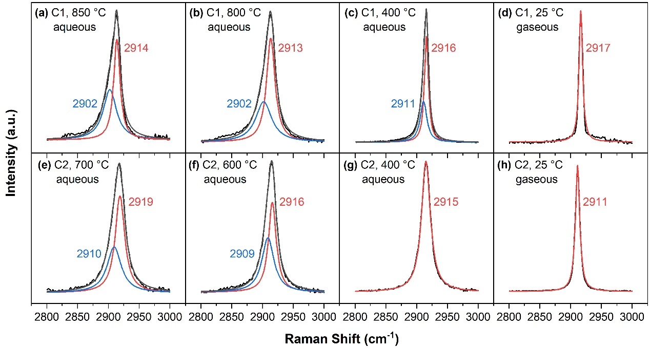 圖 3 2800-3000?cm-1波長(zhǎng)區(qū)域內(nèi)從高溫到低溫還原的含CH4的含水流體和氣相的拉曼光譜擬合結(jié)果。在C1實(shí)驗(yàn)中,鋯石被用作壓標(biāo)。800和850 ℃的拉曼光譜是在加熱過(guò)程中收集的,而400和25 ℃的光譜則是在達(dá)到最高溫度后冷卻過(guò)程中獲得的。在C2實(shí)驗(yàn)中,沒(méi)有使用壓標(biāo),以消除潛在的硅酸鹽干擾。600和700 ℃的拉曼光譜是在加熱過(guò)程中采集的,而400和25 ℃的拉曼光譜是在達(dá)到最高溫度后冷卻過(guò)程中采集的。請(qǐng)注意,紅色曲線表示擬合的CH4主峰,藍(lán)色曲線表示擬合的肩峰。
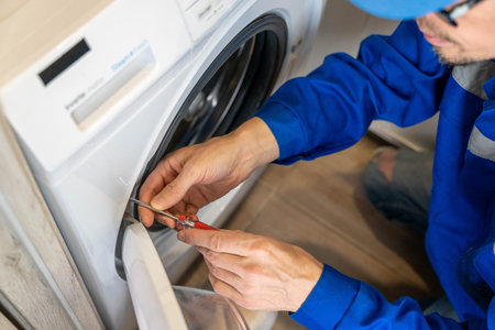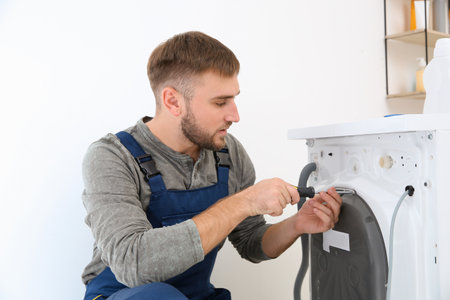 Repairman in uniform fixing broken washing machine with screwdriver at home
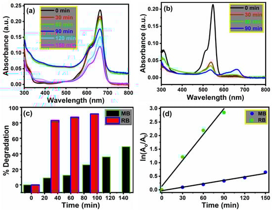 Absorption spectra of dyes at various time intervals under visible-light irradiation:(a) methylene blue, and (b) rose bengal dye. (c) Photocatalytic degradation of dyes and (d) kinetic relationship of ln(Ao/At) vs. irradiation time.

### What needs to be done
The lines from the one containing "Repairman in uniform" through the last line of the data above are to be transcribed exactly, both included, with all pictures left out.

### Written solution
 Repairman in uniform fixing broken washing machine with screwdriver at home
 Absorption spectra of dyes at various time intervals under visible-light irradiation:(a) methylene blue, and (b) rose bengal dye. (c) Photocatalytic degradation of dyes and (d) kinetic relationship of ln(Ao/At) vs. irradiation time.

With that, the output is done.